Authors: Wilairat P, Kengkla K, Thayawiwat C, Phlaisaithong P, Somboonmee S, Saokaew S

Abstract
To examine clinical outcomes of theophylline use in patients with chronic obstructive pulmonary disease (COPD) receiving inhaled corticosteroids (ICS) and long-acting beta-2 agonists (LABA). Electronic data from five hospitals located in Northern Thailand between January 2011 and December 2015 were retrospectively collected. Propensity score (PS) matching (2:1 ratio) technique was used to minimize confounding factors. The primary outcome was overall exacerbations. Secondary outcomes were exacerbation not leading to hospital admission, hospitalization for exacerbation, hospitalization for pneumonia, and all-cause hospitalizations. Cox's proportional hazards models were used to estimate adjusted hazard ratio (aHR) and 95% confidence interval (CI). After PS matching, of 711 patients with COPD (mean age: 70.1 years; 74.4% male; 60.8% severe airflow obstruction), 474 theophylline users and 237 non-theophylline users were included. Mean follow-up time was 2.26 years. Theophylline significantly increased the risk of overall exacerbation (aHR: 1.48, 95% CI: 1.11-1.96; p = 0.008) and exacerbation not leading to hospital admission (aHR: 1.47, 95% CI: 1.06-2.03; p = 0.020).
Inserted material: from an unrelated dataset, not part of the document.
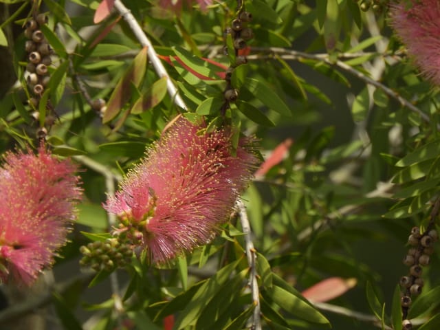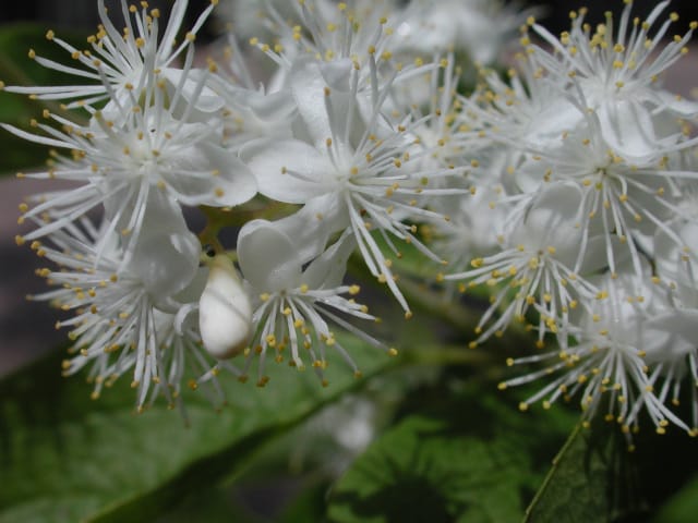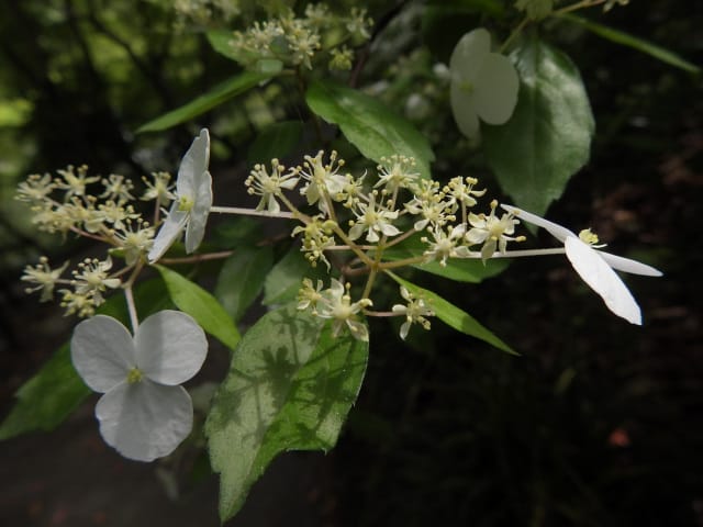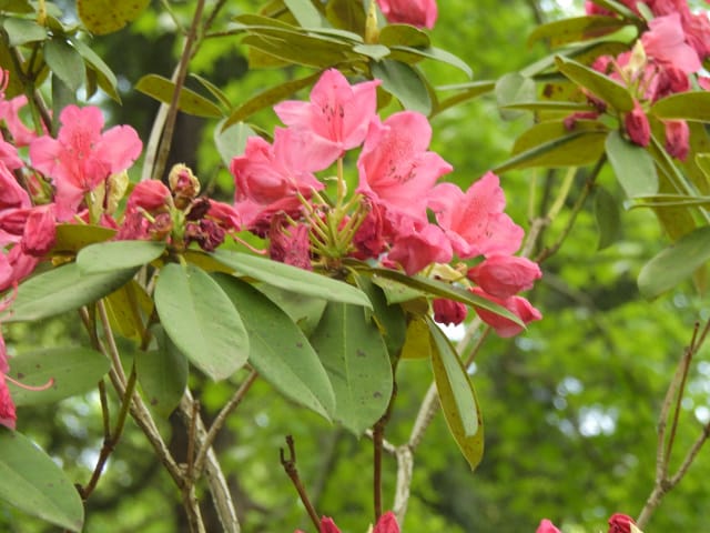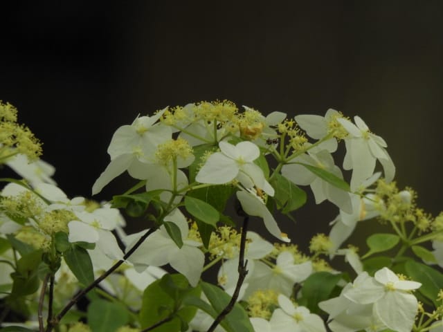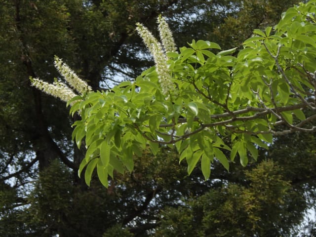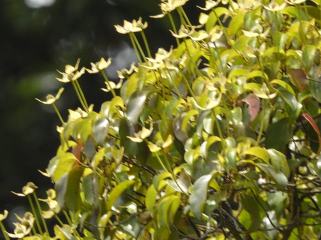 名古屋市東山動植物園温室以外の花&実25/05/15 5月1日に引き続いての訪問で、最新の花マップ発行日に合わせて、訪れました。 動物園正門から入園。 ゾウ舎前では、センダンが見頃でしたが、 ゾウ舎周辺のボダイジュは全て、蕾のままでした。 トラ舎前では、ピラカンサが満開で、遠くから見ると、綿菓子に見えるほど、びっしり咲いていました。 フラミンゴ舎東脇のニオイシュロランが咲き出し見頃でしたが、接写が叶わず、春日井市春日井グリンピアで株が消滅してしまったのが、悔やまれました。 ペリカン舎付近では、クロガネモチはまだ蕾で、ヤマモモの実が大きくなっていました。 ゾアシスイースト前のネグンドカエデ雌株を見てみましたが、雌花は見当たりませんでした。 キリン舎南脇のトチノキは、満開になり、終盤でしたが、 キリン舎東脇のトチノキが開花し、ほぼ満開で見頃でした。 コアラ舎東脇では、カルミアが咲き出し、満開でした。 上池南西脇では、ウメモドキはまだ蕾でしたが、クロミノニシゴリが開花し見頃で接写が叶いました。 上池南では、ナツハゼが咲き出し、接写して来ました。 上池でノハナショウブを探してみましたが見当たらず、あったのは咲き出したキショウブと、前回から開花していた、カキツバタ、でした。 上池門には、最新の花マップが届いておらず、植物園門に行く事となりました。 植物園門の門前では、カナメモチが全開していて、嬉しくなり撮影。 植物園門で、最新の花マップ(5月15日発行。5月11日調査)を入手。 何時もなら、そのまま引き返して、上池門から再入場するのですが、 天気の悪化を恐れて、伊藤圭介の庭、植物会館周辺、を調べてから、上池門に戻ることとしました。 植物会館南では、期待していたヤマグルマ1株が開花し、数花序が見頃でしたが、手の届く位置での開花は無く、接写は、叶いませんでした。グレビレア=アルピナが満開になり、ヒメシャラはまだ蕾でしたが、ウツギが開花し見頃でした。 伊藤圭介の庭では、遮光網に守られたシライトソウが開花し、生垣のシモツケ‘ゴールドフレーム’が咲き出し、ヤブニッケイが蕾を付けていました。 植物会館南脇花壇(以下、「会館脇花壇」と略記)では、白花のスイセンノウが咲き出し、グレビレア‘ロビンゴードン’が見頃で、ビバーナム=ヌドゥムが蕾を付けていました。 上池門に戻り、 脇のエレベータを用いて、体力の温存を図り(少し大げさな表現)、彩景端経由で、植物園に再入園。 バラ園東端では、サンショウバラが1株3輪程咲き残っていました。 アメリカ産植物見本園(以下、「米国産園」と略記)では、4種のカルミアが開花し見頃で、白花のサラサウツギ、ペンステモン=ジギタリス3株、アメリカテマリシモツケ、ムラサキセンダイハギ、が咲き出し、クロバナロウバイが咲き残っていました。 フォークダンス広場(以下、「FD広場」と略記)脇では、グレビレア‘ブロンズランバー’が咲き出し、グレビレア6種(‘ラナ・マリー’・‘ファイヤーワークス’・‘ココナッツアイス’・‘ヒルズジュビリー’・‘ジョンエバンス’・エンドリチェリアナ)が咲き残っていました。 FD広場南では、ドリアンテス=エクスケルサが咲き出し、ドリアンテス=パルメリは、蕾?でした。 FD広場南から眺める、FD広場南脇では、4種のカリステモンが咲き出していました(名札の確認ナシ)。 しゃくなげの森では、シャクナゲは、殆どの株が花期を終えていて、花が残留していたのは、3種(越の炎・太陽・アンナローズホイットニー)だけで、がっかりすると同時に、シャクナゲ探索に費やす時間が省けて、ホッとする気持ちとが、せめぎ合っていました。イワガラミの様子を見遣ると、まだ開花には至っていませんでした。また、「花マップ」に掲載されているトチノキを見てみましたが、花らしいものは見付けられませんでした。 しゃくなげの森南西部では、4種のレプトスペルムム(‘スカーレットドレス’など)が開花していました。 しゃくなげの森小池では、ナガバオモダカが大繁茂し満開で、小池の周囲でドクダミも開花していましたが、期待していたチャショウブは、蕾1輪の確認に留まりました。 花園橋では、橋に絡んだツルアジサイが開花し見頃となっていましたが、同じように橋に絡んだイワガラミは、蕾のままでした。 花園橋北東脇では、欄干の位置まで垂れ下がっているチャンチンモドキは、丁度満開になり、接写も可能でしたが、写真は今一の出来でした。欄干から見下ろした位置にある、ヒイラギズイナは、開花寸前の蕾でした。 ツツジヶ丘南麓では、カンレンボクはまだ蕾すら目立ちませんでしたが、以前、豊田市の愛知県緑化センタのオーストラリア庭園でお馴染みだった、キク科のアークトセカ=カレンデュラが見頃でした。 中国産植物園林(以下、「中国産園」と略記)では、シナトチノキが開花し見頃で、中国ガマズミも開花し見頃でしたが、ハンカチノキは、前回同様、花を付け

Theophylline use did not significantly increase the risk of hospitalization for exacerbation (aHR: 1.11, 95% CI: 0.79-1.58; p = 0.548), hospitalization for pneumonia (aHR: 1.28, 95% CI: 0.89-1.84; p = 0.185), and all-cause hospitalizations (aHR: 1.03, 95% CI: 0.80-1.33; p = 0.795). Theophylline use as add-on therapy to ICS and LABA might be associated with an increased risk for overall exacerbation in patients with COPD. A large-scale prospective study of theophylline use investigating both safety and efficacy is warranted.